# DATA SECTION
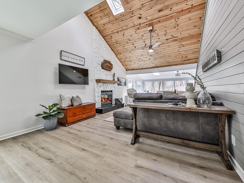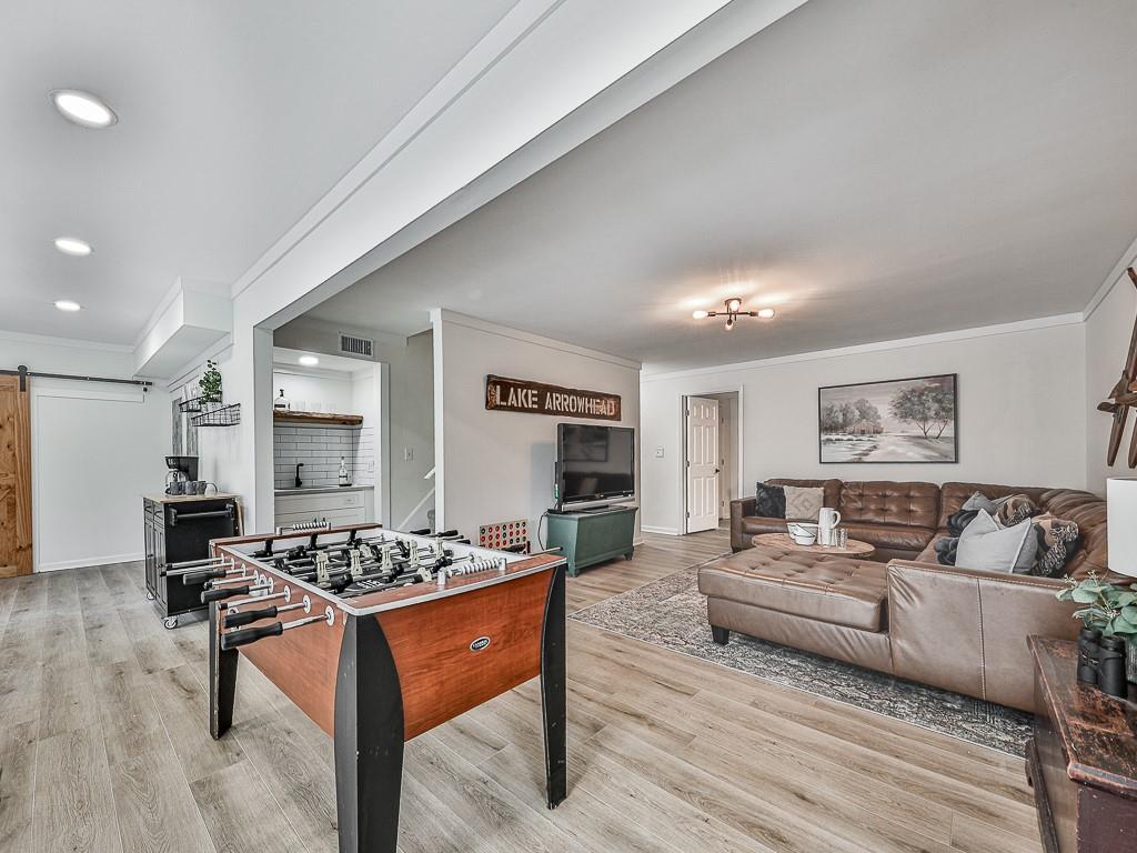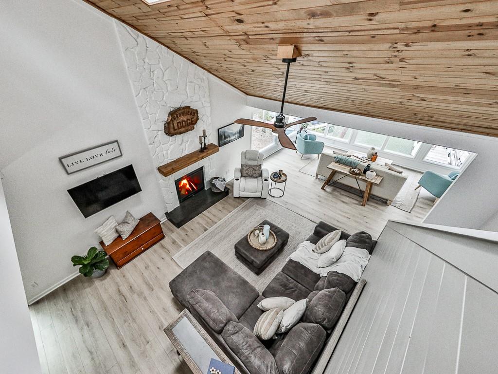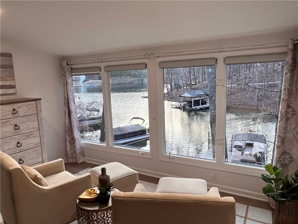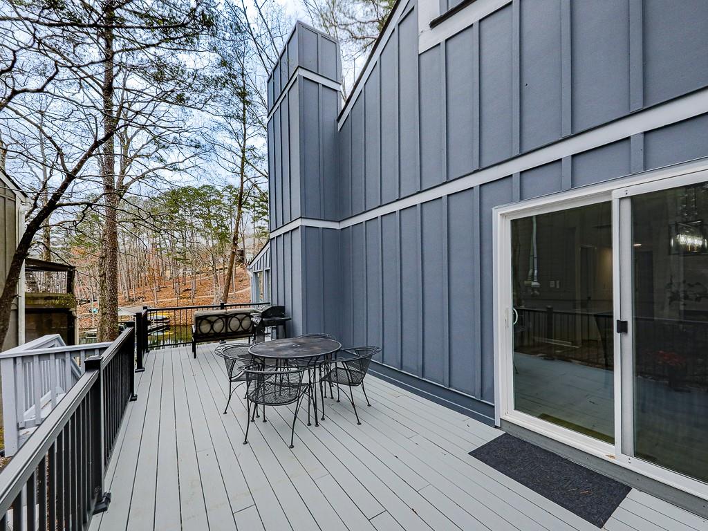 Wake up to breathtaking lake views, glowing sunrises, and abundant wildlife in this beautifully remodeled lakefront retreat. Designed for both relaxation and entertaining, the home offers countless places to enjoy the scenery — from three spacious decks and a covered porch to the private sitting area in the primary suite. Nearly every room captures stunning water views. Inside, walls of windows and skylights fill the home with natural light, highlighting vaulted ceilings and stylish designer updates throughout. The open living spaces are perfect for gathering, while five separate sleeping areas — including a bunk room and loft — make hosting family and friends effortless. The terrace level adds exceptional flexibility with its own private entrance and new sidewalk access, ideal for guests, multigenerational living, or potential rental income. With no rental restrictions, this property can easily serve as a full-time residence, weekend getaway, income-producing investment — or a combination of all three. Nestled in one of Lake Arrowhead’s most charming coves — affectionately known as Turtle Cove — the home is surrounded by trees and peaceful lake scenery. Spend your days grilling on the oversized party deck, swimming, paddle boarding, fishing, or launching your boat from your private dock with two slips and 5+ feet of water depth, a rare and highly sought-after feature on the lake. Despite its serene setting, you’re just minutes from Lake Arrowhead amenities, including golf, pools, clubhouse, marina, tennis, pickleball, parks, scenic trails, concerts, dining, and year-round community events. Lake living, flexibility, and exceptional value come together here—schedule your showing today and start enjoying life on the water. Listing agent may be available to show this home on very short notice, and certainly with extended notice.
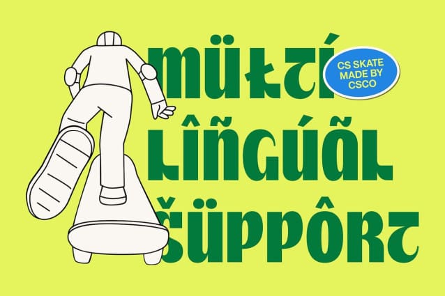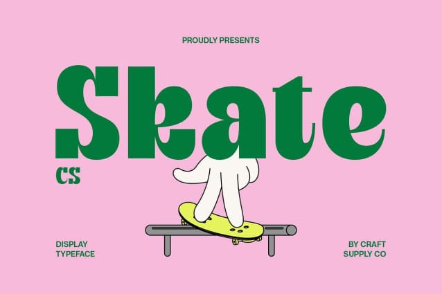 CS Skate Font – This is a bold display font designed to make a statement. Combining the strength of modern sans serif structure with the elegance of Art Nouveau curves, this font commands attention while maintaining a graceful flow. Every letter is crafted with purpose, creating a perfect harmony between boldness and beauty.
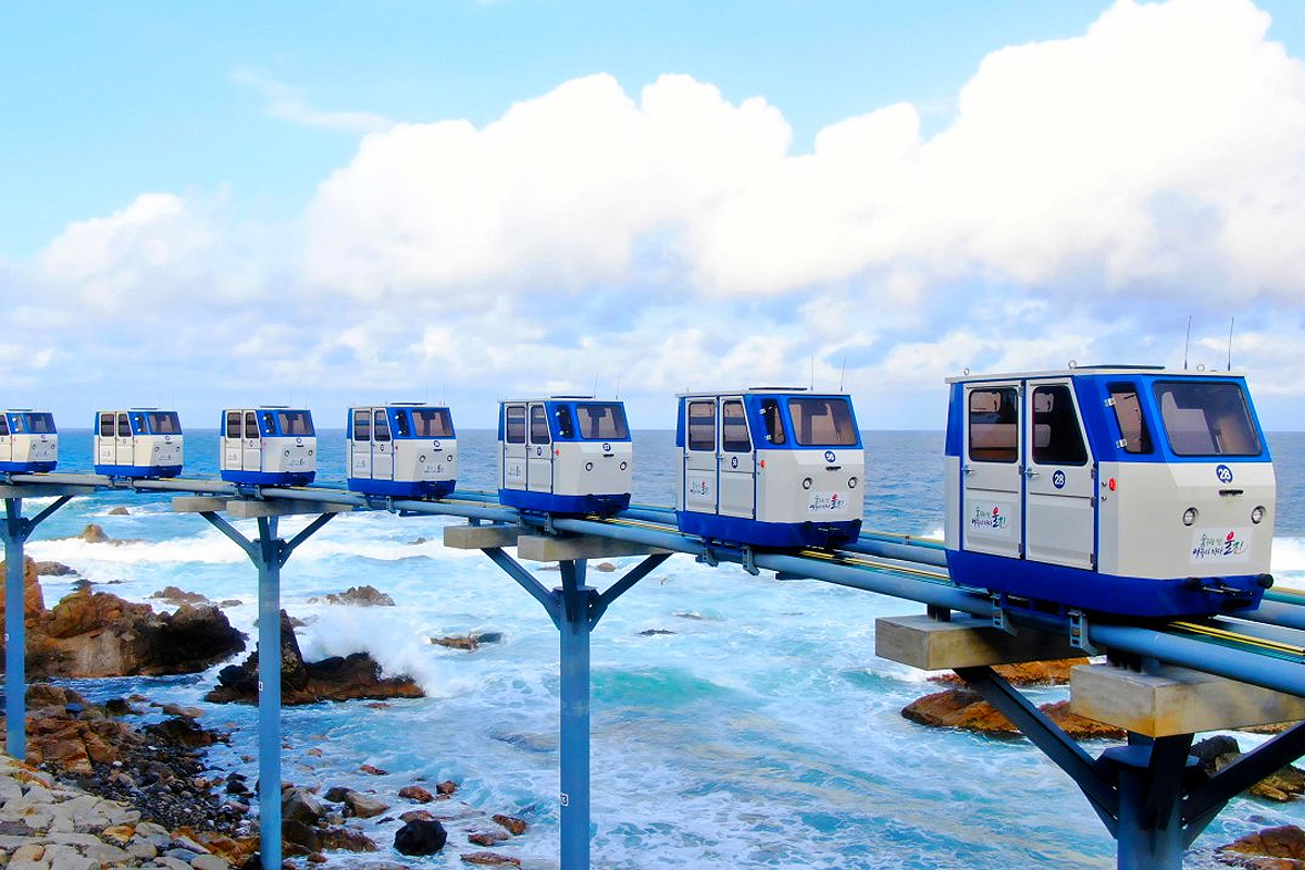 울진의 ‘죽변 해안 스카이레일’은 죽변면 죽변항에서 후정해수욕장까지 2.4km 구간을 달리는 모노레일입니다.
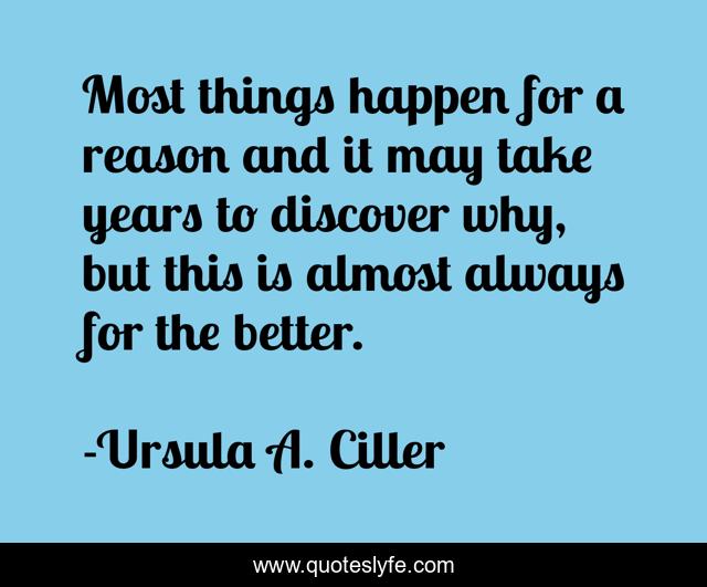 "Ursula A. Ciller Quotes." Quoteslyfe.com, 2025. Fri. 05 Dec. 2025. <https://www.quoteslyfe.com/quote/Most-things-happen-for-a-reason-and-125720>.

# PROBLEM REQUIREMENTS
Set down, in exact form, only the lines that start at the one containing "CS Skate Font" and finish at the last line of the material; pictures do not go in.

# EXPECTED OUTPUT
 CS Skate Font – This is a bold display font designed to make a statement. Combining the strength of modern sans serif structure with the elegance of Art Nouveau curves, this font commands attention while maintaining a graceful flow. Every letter is crafted with purpose, creating a perfect harmony between boldness and beauty.
 울진의 ‘죽변 해안 스카이레일’은 죽변면 죽변항에서 후정해수욕장까지 2.4km 구간을 달리는 모노레일입니다.
 "Ursula A. Ciller Quotes." Quoteslyfe.com, 2025. Fri. 05 Dec. 2025. <https://www.quoteslyfe.com/quote/Most-things-happen-for-a-reason-and-125720>.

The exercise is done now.